[INFORMATION SHOWN Boundary: Start]
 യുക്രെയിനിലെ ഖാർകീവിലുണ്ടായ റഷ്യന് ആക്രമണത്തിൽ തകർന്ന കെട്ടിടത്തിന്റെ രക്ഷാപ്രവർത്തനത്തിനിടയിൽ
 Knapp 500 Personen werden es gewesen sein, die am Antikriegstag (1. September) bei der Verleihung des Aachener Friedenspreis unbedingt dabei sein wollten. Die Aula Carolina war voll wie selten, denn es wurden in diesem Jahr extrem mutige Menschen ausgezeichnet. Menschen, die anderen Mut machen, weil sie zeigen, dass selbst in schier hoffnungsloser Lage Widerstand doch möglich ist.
[INFORMATION SHOWN Boundary: End]
[INFORMATION SHOWN Boundary: Start]
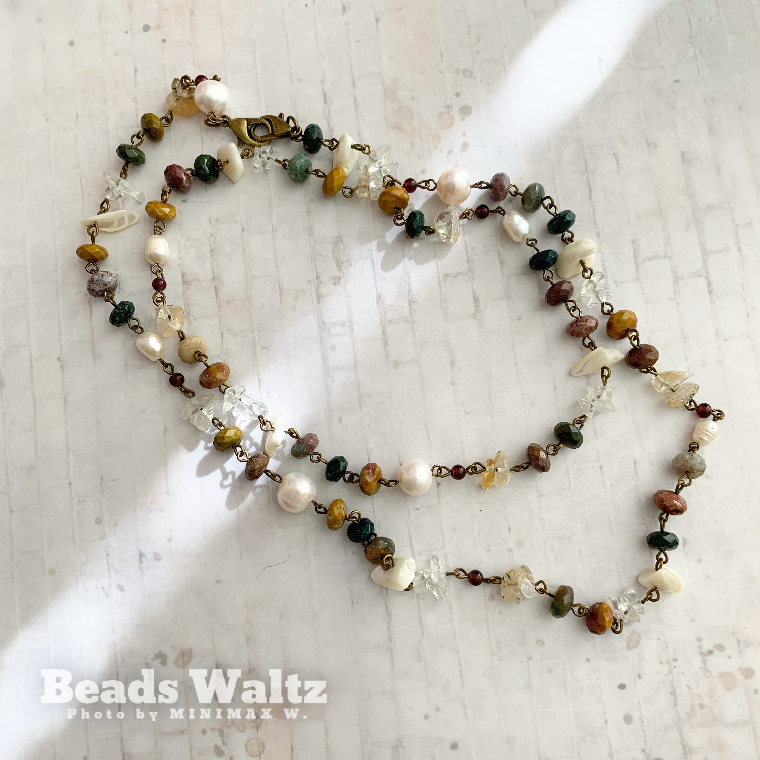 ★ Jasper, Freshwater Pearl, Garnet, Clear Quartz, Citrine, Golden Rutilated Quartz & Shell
[INFORMATION SHOWN Boundary: End]
[INFORMATION SHOWN Boundary: Start]
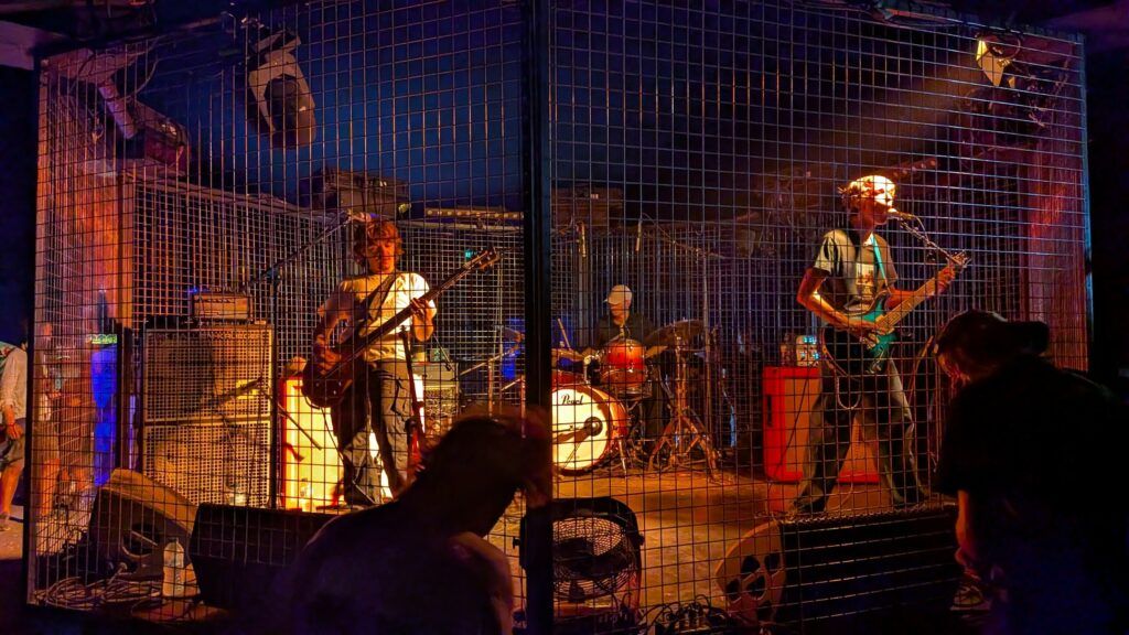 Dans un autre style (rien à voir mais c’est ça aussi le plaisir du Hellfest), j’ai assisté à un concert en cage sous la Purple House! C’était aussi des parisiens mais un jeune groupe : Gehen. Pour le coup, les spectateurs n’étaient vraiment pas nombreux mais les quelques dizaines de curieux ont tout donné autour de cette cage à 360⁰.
[INFORMATION SHOWN Boundary: End]
Send back an exact copy of only the lines from the line with "യുക്രെയിനിലെ ഖാർകീവിലുണ്ടായ റഷ്യന്" up to and including the line with "Knapp 500 Personen" in the data above.

**ANSWER TO THE EXERCISE**
 യുക്രെയിനിലെ ഖാർകീവിലുണ്ടായ റഷ്യന് ആക്രമണത്തിൽ തകർന്ന കെട്ടിടത്തിന്റെ രക്ഷാപ്രവർത്തനത്തിനിടയിൽ
 Knapp 500 Personen werden es gewesen sein, die am Antikriegstag (1. September) bei der Verleihung des Aachener Friedenspreis unbedingt dabei sein wollten. Die Aula Carolina war voll wie selten, denn es wurden in diesem Jahr extrem mutige Menschen ausgezeichnet. Menschen, die anderen Mut machen, weil sie zeigen, dass selbst in schier hoffnungsloser Lage Widerstand doch möglich ist.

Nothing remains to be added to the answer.